Alexandre L’Heureux: Hello, Yuri.

Alain Michaud: Good morning.

Yuri Lynk: Morning. Yes, just a question on your end markets. I mean, certainly, transportation and infrastructure, very strong market for WSP last year. But just curious how your newly formed Earth and Environmental Services platform performed? And any perspectives on Wood as it's been fully integrated now?

Alexandre L’Heureux: Yes. This is a great question, Yuri. Indeed, as you just mentioned, transportation continues to perform extremely well for us. This is perhaps one of our most mature sector. When you look back on history, we have been driving this sector for a fairly long time. And when you look at the Bipartisan bill in the U.S., this is by far, oftentimes, it's probably ten-fold the size of the water funding. So clearly, I think we're extremely pleased to be performing in transportation. Equally in the building sector, this was a strong performance for us, and I'm extremely proud of how we were able to diversify that sector. Sometimes you need a bit of luck and also some vision. And between 2015 and 2020, just pre before COVID, we've really ventured and completed acquisition and other subsectors than the higher high-rise commercial sector and commercial market. And today, it's clearly paying off, especially in the healthcare sector and the mission-critical work that we do. So we're obviously feeling good also about the building sector, and we intend to continue to grow that sector going forward.

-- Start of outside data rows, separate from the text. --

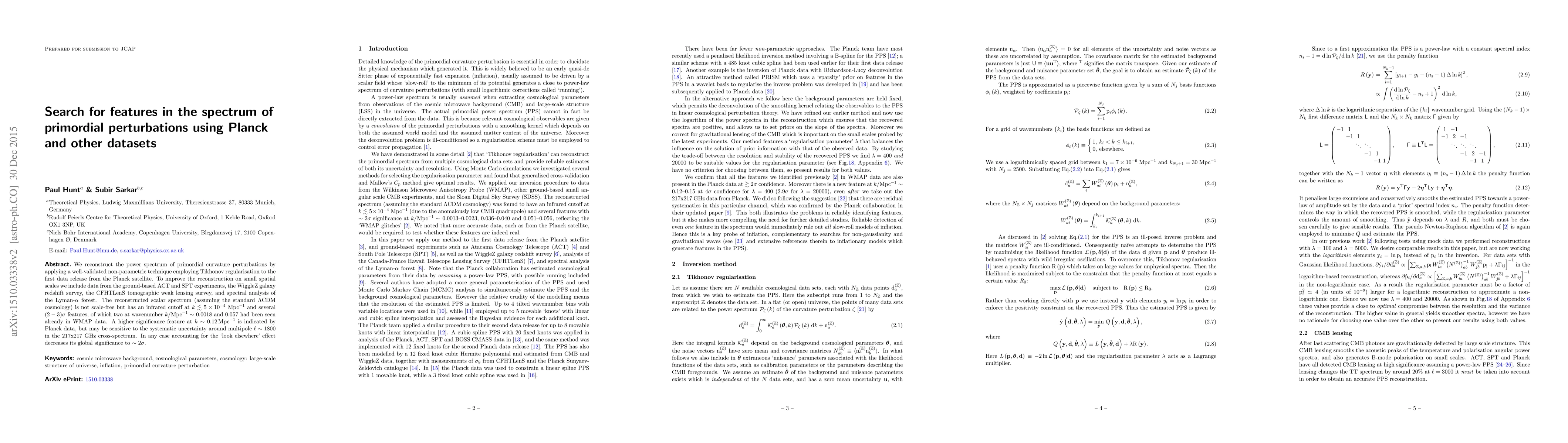 We reconstruct the power spectrum of primordial curvature perturbations by applying a well-validated non-parametric technique employing Tikhonov regularisation to the first data release from the Planck satellite. To improve the reconstruction on small spatial scales we include data from the ground-based ACT and SPT experiments, the WiggleZ galaxy redshift survey, the CFHTLenS tomographic weak lensing survey, and spectral analysis of the Lyman-alpha forest. The reconstructed scalar spectrum (assuming the standard LCDM cosmology) is not scale-free but has an infrared cutoff at k < 5 x 10^-4 Mpc^-1 and several ~2-3 sigma features, of which two at wavenumber k/Mpc^-1 ~ 0.0018 and 0.057 had been seen already in WMAP data. A higher significance feature at k ~ 0.12 Mpc^-1 is indicated by Planck data, but may be sensitive to the systematic uncertainty around multipole l ~ 1800 in the 217x217 GHz cross-spectrum. In any case accounting for the 'look elsewhere' effect drops its global significance to ~2 sigma.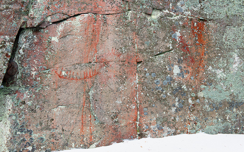 Laaja kallioseinämä peittyy puuta kasvavan leveän rantakaistan taakse. Kallion molemmin puolin on rakennettu kesämökki. Tasaiseen kallioon on maalattu suurikokoinen venekuva, josta voi laskea kaksitoista miehistöviivaa. Tästä yläoikealle kalliossa on pienempi venekuvio ja kauempana oikealla vielä pieni pysty värijälki sekä levinnyttä väriä.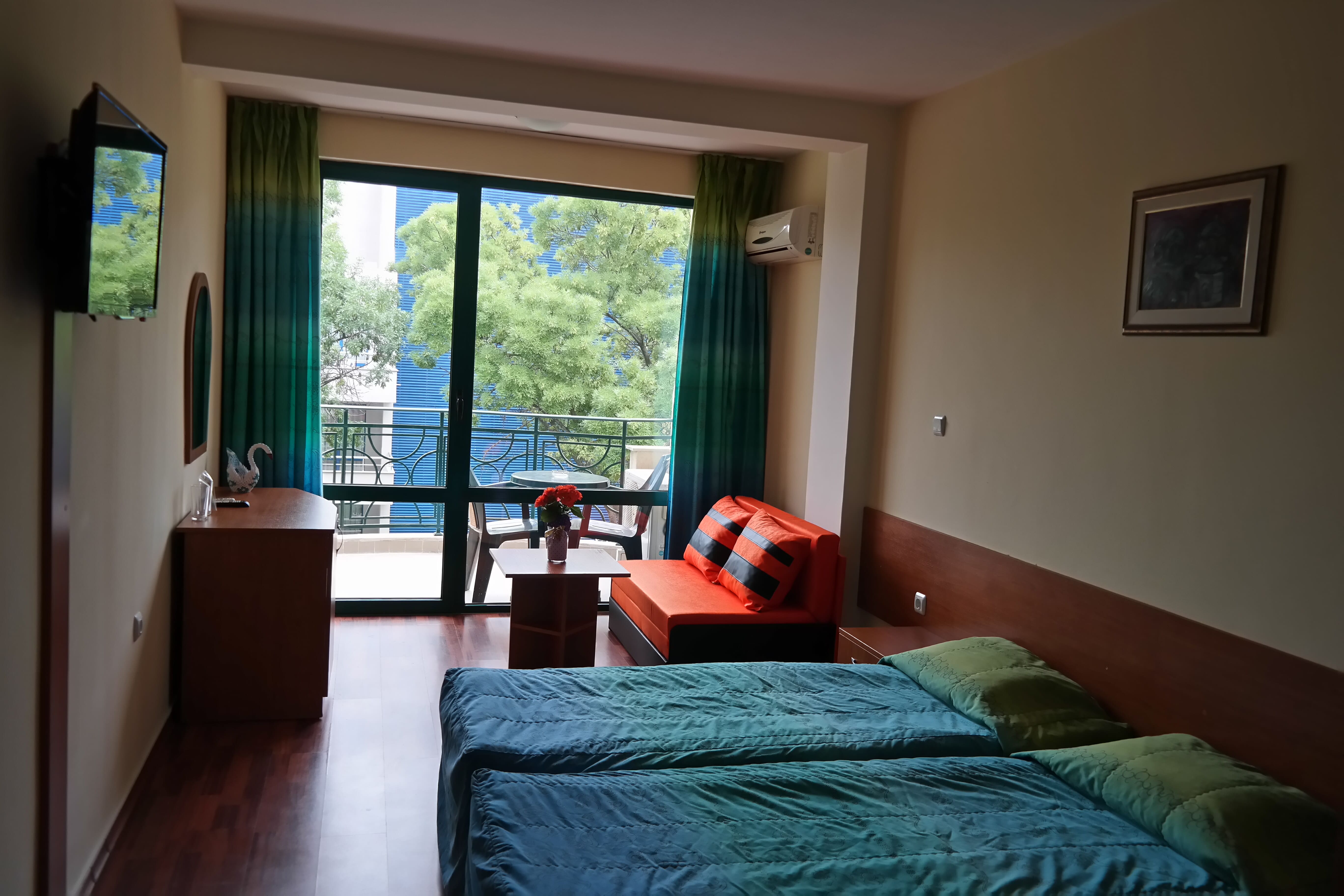 Предлага 26 стаи и 3 едноспални апартаменти, подходящи, както за двойки, така и за семейства с деца. Всяка стая е снабдена с климатик, телевизор с плосък екран, хладилник, баня с душ и тераса. На разположение на гостите са уреди за гладене за общо ползване. Осигурен е и достъп до Интернет в общите части на хотела.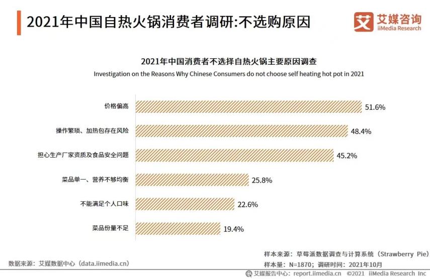2021年艾媒咨询调查显示,"价格偏高"这是消费者不选择自热火锅的主要原因。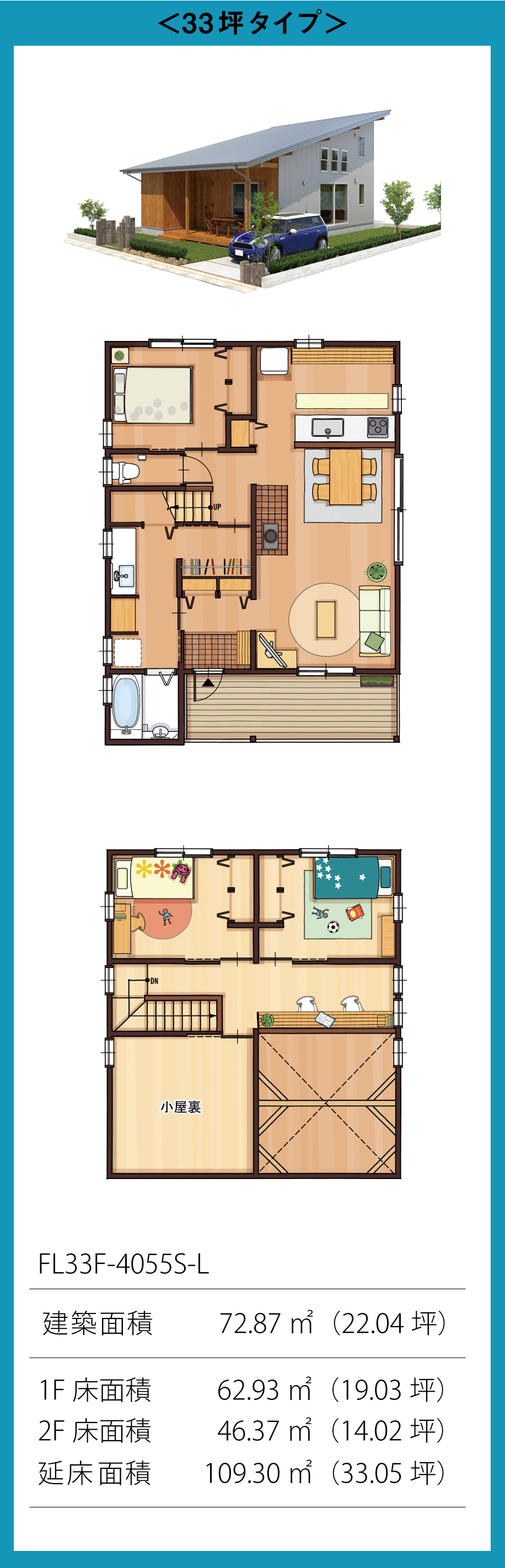 平屋には憧れるけれど、部屋数が心配…。LOAFERはそんな家族にちょうどいい間取り。収納や書斎、シアタールームなど、無限大の活用ができる小屋裏が魅力です。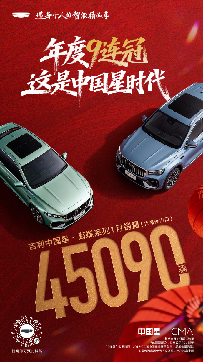 В январе продажи премиальной серии Geely China Star достигли 45 090 единиц, завоевав доверие более 1,78 миллиона пользователей благодаря высочайшему уровню производительности.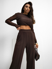 Czekoladowe spodnie basic bez zapięcia RUE PARIS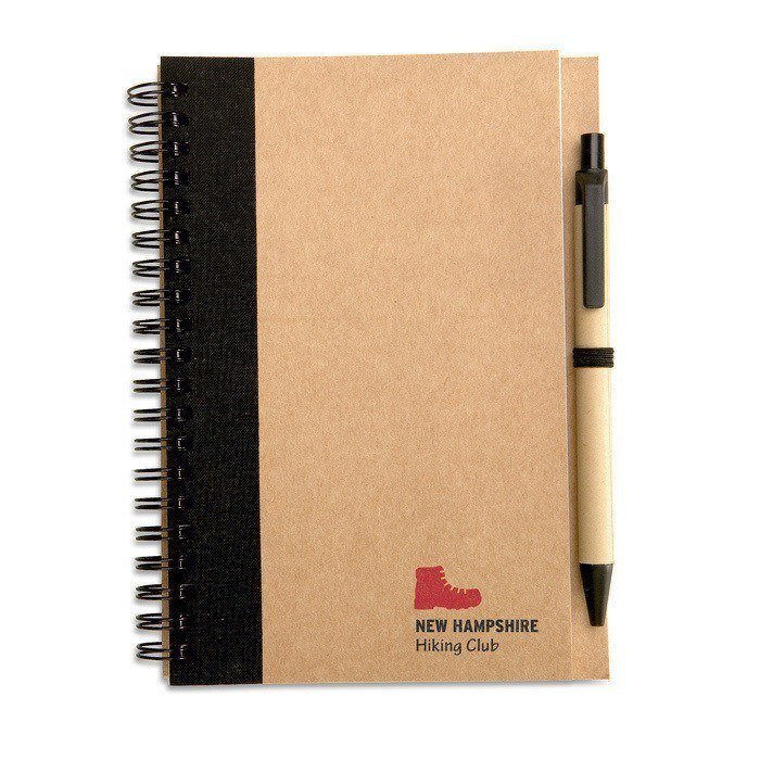 Notizbuch aus Recyclingkarton und passendem Kuli als Werbegeschenk, A5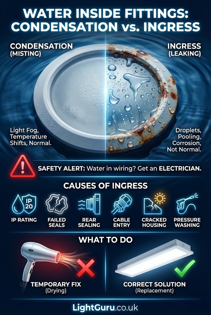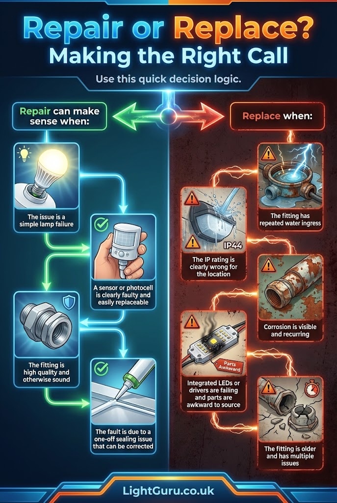 When a fitting has repeated water ingress, corrosion, or an unsuitable IP rating for its location, replacement is usually the smarter long term option.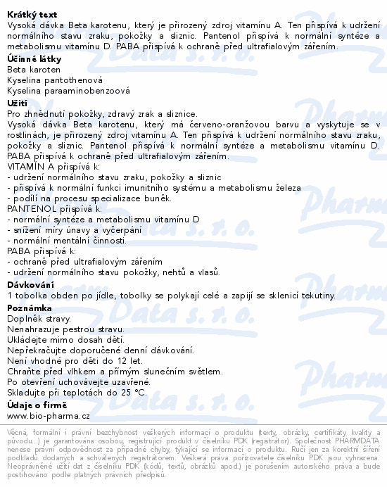 Vysoká dávka Beta karotenu, který je přirozený zdroj vitamínu A. Ten přispívá k udržení normálního stavu zraku, pokožky a sliznic. Pantenol přispívá k normální syntéze a metabolismu vitamínu D. PABA přispívá k ochraně před ultrafialovým zářením.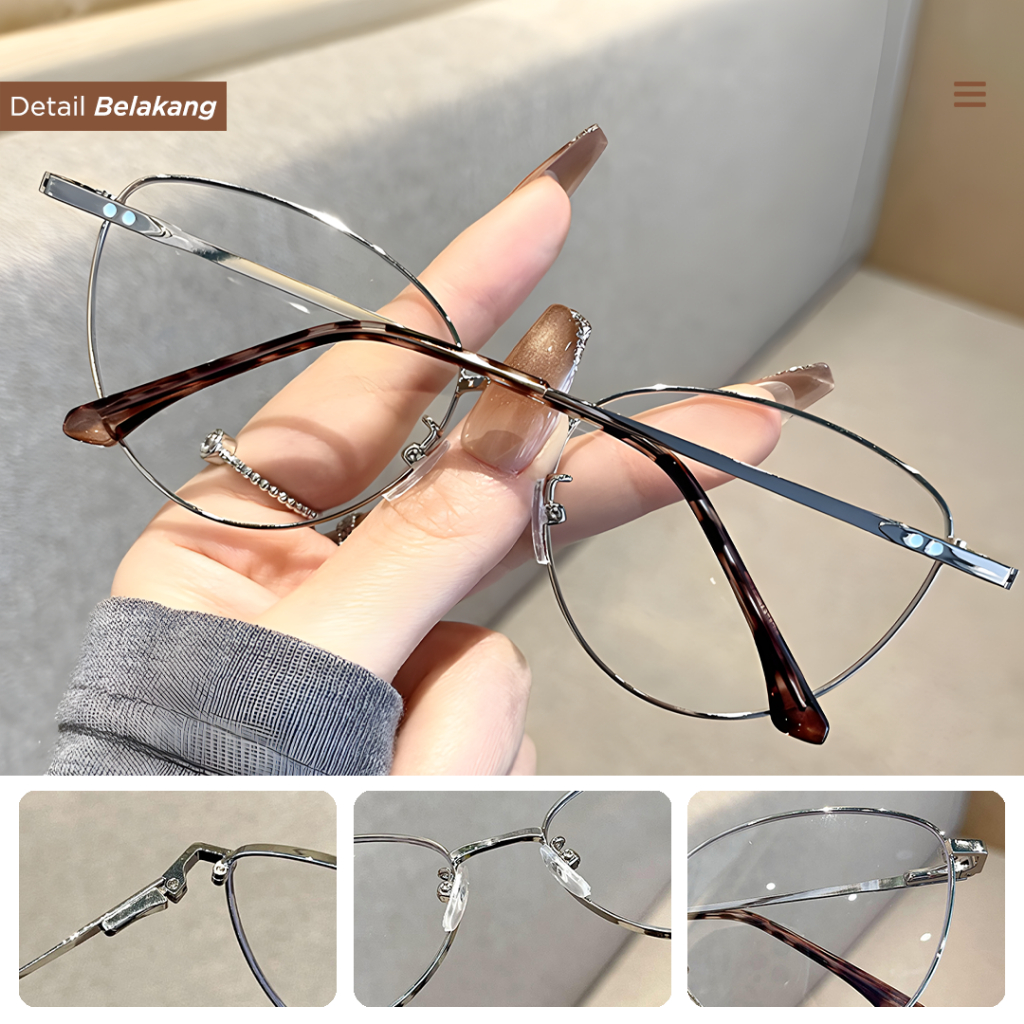 Colore.in Kacamata Photocromic Wanita Lensa Minus Anti Radiasi Blueray Kacamata Fashion Metal Material Bentuk Cat Eye St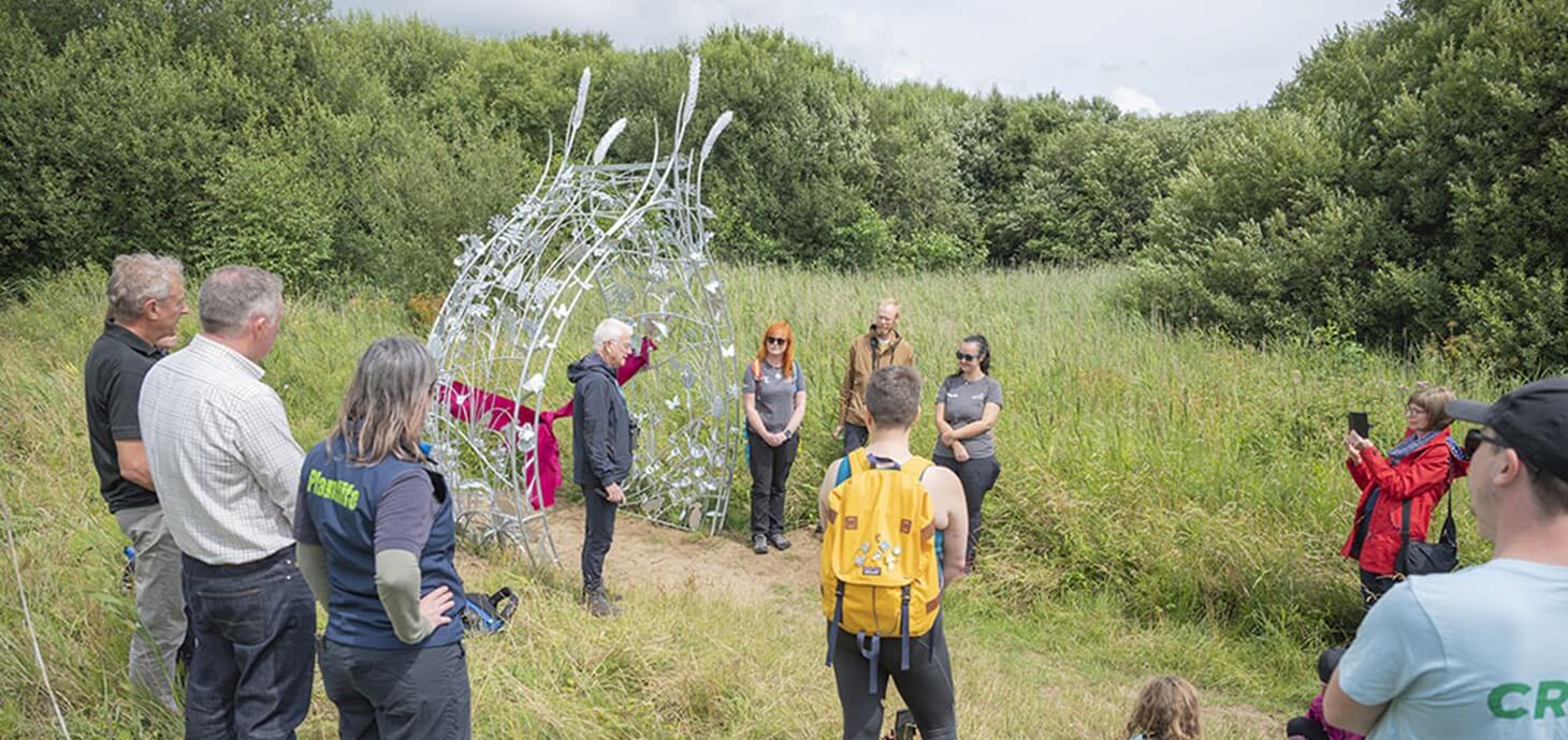 Wedi'i saernïo gan yr artist a gof o Gymru James Eifion Thomas, mae'r cerflun yn borth i'r safle gwarchodedig hwn, gan ymgorffori elfennau allweddol o'r dirwedd ac yn symboleiddio'r ymrwymiad i warchod ei gynefin ar gyfer pobl a bywyd gwyllt ymhell i’r dyfodol .

Lastly, this is perhaps our youngest sector or the newcomer in the family. When you look back where we were in 2018, Earth environment was representing less than 10% of our revenue. If my memory is not failing me with 6%, 7%, 8%, something along those lines. And if you look just at the start of COVID in early 2020. Just in North America alone, we had approximately something like 2,000 people between Canada and the U.S. And when we completed the Golder acquisition, completed ecology environment and also completed the Wood E&I business, this headcount grew to 12,000 people just in North America alone. So I don't spend much time talking about it, but we are extremely proud of the integration work and the consolidation work that has been going on in the background. If you look at the work that we've done in 2023, we have now our North American platform on a new ERP and we have a very strong and Earth and environment practice with at the moment, the best operating margin in our group. So all that to say that I'm very proud of the consolidation and the work that we've done over the last 12 months to 18 months.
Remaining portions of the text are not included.